Atravesaron el corredor. A cada paso, algún detalle les traía recuerdos. Airam señaló el cuarto de Viola. Se asomaron desde la puerta. Las paredes estaban cubiertas por inscripciones relativas a la paz del espíritu. Una mancha de humedad impedía completar algunas frases. Maciel tironeó del brazo de Airam.
– ¿Aquí no vas a entrar?
– ¿Para qué? Casi no tenía muebles al final. Dormía en el piso. Andaba con unas sandalias zaparrastrosas. No sé qué le metieron en la cabeza. ¿Te dije que se fue siguiendo a un loco?
– Pero ¿no sabés nada de ella?
– Papá era el que recibía algún mensaje cada tanto. Para pedirle dinero, claro. Después desaparecía por meses.

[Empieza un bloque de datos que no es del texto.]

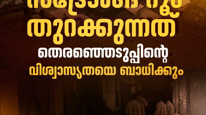 സ്ട്രോങ്ങ് റൂം തുറക്കൽ തെരഞ്ഞെടുപ്പിൻ്റെ വിശ്വാസ്യതയെ ബാധിക്കും – വെൽഫെയർ പാർട്ടി`പ്രസിദ്ധീകരണത്തിന്,“2026 ഏപ്രിൽ 21`തിരുവനന്തപുരം: പേരാമ്പ്ര, നെൻമാറ, ഗുരുവായൂർ മണ്ഡലങ്ങളിലെ ബാലറ്റ് യൂണിറ്റുകൾ സൂക്ഷിച്ചിരിക്കുന്ന സ്ട്രോങ്ങ് റൂമുകൾ തുറക്കലുമായി ബന്ധപ്പെട്ട് ഇപ്പോൾ ഉണ്ടായ സംഭവങ്ങൾ തെരഞ്ഞെടുപ്പിൻ്റെ വിശ്വാസ്യതയെ ബാധിക്കുമെന്ന് വെൽഫെയർ പാർട്ടി സംസ്ഥാന പ്രസിഡൻ്റ് റസാഖ് പാലേരി.ഇൻഡക്സ് കാർഡ് തയ്യാറാക്കൽ, എൻകോർ പോർട്ടലിൽ വിവരങ്ങൾ അപ്ഡേറ്റ് ചെയ്യൽ, പ്രിസൈഡിംഗ് ഓഫിസർ മറന്നുവെച്ച ഡയറി എടുക്കൽ തുടങ്ങിയ ബാലിശ വാദങ്ങളാണ് റിട്ടേണിംഗ് ഓഫീസർമാർ പറയുന്നത്. ജില്ലാ ഇലക്ഷൻ ഓഫീസറായ കലക്ടർമാർക്കും മുഖ്യ തെരഞ്ഞെടുപ്പ് ഓഫിസർക്കും ഇതിൽ ഉത്തരവാദിത്വമുണ്ട്. സ്ട്രോങ് റൂമുകൾ തുറന്നിടങ്ങളിൽ യഥാർഥത്തിൽ എന്താണ് നടന്നതെന്നത് സംബന്ധിച്ച് സുതാര്യമായ വിവരങ്ങൾ രാഷ്ട്രീയപാർട്ടികൾക്കും സ്ഥാനാർത്ഥികൾക്കും നൽകാൻ കമ്മീഷൻ സംവിധാനം ഉണ്ടാക്കണം. സി.സി.ടി.വി നിശ്ചിത സമയം ഓഫ് ആയിരുന്നു എന്നാക്ഷേപം സംബന്ധിച്ച് അന്വേഷണം നടത്തണം. നിരുത്തരവാദപരമായ സമീപനം സ്വീകരിച്ച റിട്ടേണിംഗ് ഓഫീസർമാർക്കെതിരെ കർശനമായ നടപടി സ്വീകരിക്കണം. അവരുടെ തീരുമാനങ്ങൾക്ക് പിന്നിൽ മറ്റെന്തെങ്കിലും ഘടകങ്ങൾ ഉണ്ടോ എന്ന് അന്വേഷിക്കണം തുടങ്ങിയ ആവശ്യങ്ങൾ അദ്ദേഹം ഉന്നയിച്ചു.വോട്ടർ പട്ടിക തയ്യാറാക്കൽ മുതൽ തെരഞ്ഞെടുപ്പ് ഫലം പ്രഖ്യാപിക്കുന്ന അവസാന നിമിഷം വരെ സുരക്ഷിതത്വവും സുതാര്യതയും കാത്തു സൂക്ഷിക്കുന്ന കാര്യങ്ങളിൽ തെരഞ്ഞെടുപ്പ് കമ്മീഷൻ്റെ നിഷ്പക്ഷത ഇന്ത്യയിൽ സംശയിക്കപ്പെട്ടു കൊണ്ടിരിക്കുകയാണ്. ഇന്ത്യയിലെ വിവിധ സംസ്ഥാനങ്ങളിലെ തിരഞ്ഞെടുപ്പിനെ കുറിച്ച് ആ നിലക്കുള്ള ആശങ്കകൾ ജനങ്ങൾക്കിടയിൽ നിലനിൽക്കുന്നുണ്ട്. മുമ്പെങ്ങുമില്ലാത്ത വിധം തെരഞ്ഞെടുപ്പ് കമ്മീഷൻ നടപടികൾ കോടതിയിൽ ചോദ്യം ചെയ്യാൻ രാഷ്ട്രീയ പാർട്ടികളും ജനങ്ങളും നിർബന്ധിതമാകുന്ന സാഹചര്യം ഉണ്ടായിക്കൊണ്ടിരിക്കുമ്പോഴാണ് നിയമസഭാ തെരഞ്ഞെടുപ്പിനു ശേഷം കേരളത്തിൽ ഇപ്പോൾ ആക്ഷേപം ഉയർന്നിരിക്കുന്നത്. പോളിംഗ് ബൂത്തിൽ വോട്ടർമാരുടെ മൊബൈൽ ഫോൺ പോലും ഉപയോഗിക്കാൻ അനുവദിക്കാത്ത തെരഞ്ഞെടുപ്പാണ് കേരളത്തിൽ നടന്നത്. ഈ ജാഗ്രത തെരഞ്ഞെടുപ്പാനന്തരം നിലനിർത്തുന്നതിൽ വീഴ്ച സംഭവിച്ചിട്ടുണ്ടെന്ന് ജനങ്ങൾ ആശങ്കിക്കുന്ന സന്ദർഭം ഉണ്ടാകാൻ പാടില്ലായിരുന്നുവെന്ന് അദ്ദേഹം പറഞ്ഞു._കൂടുതൽ വിവരങ്ങൾക്ക്_#Contact*Adhil Abdul Rahim*+91 9895 550 436Media Coordinator,Welfare Party Kerala.

Airam se conmovió ante la mención de Sancho. Durante el tiempo que habían compartido ni una vez supo de esta comunicación con Viola. Tampoco lo notaba angustiado por la suerte de la hija, como si se hubiera desentendido de ella mucho tiempo atrás y toda su responsabilidad se redujera a proveerla de dinero. Sintió pena por Viola, una pena casi maternal.
– ¿Y ahora? -preguntó.
– Ahora, con papá así, empezará a joderme a mí -se volvió de golpe-. Te conté de papá, ¿verdad? -pero antes de que Airam pudiera responder, ya estaba abriendo las ventanas de su dormitorio y hablando de cualquier otra cosa.
Una luz pesada inundó los pocos muebles, la silla reforzada, la heladerita. Maciel la acarició como a una mascota muerta.
– Tengo casi todo en mi apartamento nuevo. Esto no lo quise llevar. A veces la extraño, pero fue parte del cambio cuando me fui. Estoy en tratamiento, ¿sabés? Hay días en que me levanto y digo que hasta ahí llegué.
Voy a la cocina dispuesta a arrasar. Últimamente estoy logrando contenerme. Con ayuda de médico, ¿eh? No creas que de esto se sale así nomás. Y cuando llegue a un peso determinado, me operan. Sí, sí, así como oís. Me hacen un matambre con el estómago para que coma menos.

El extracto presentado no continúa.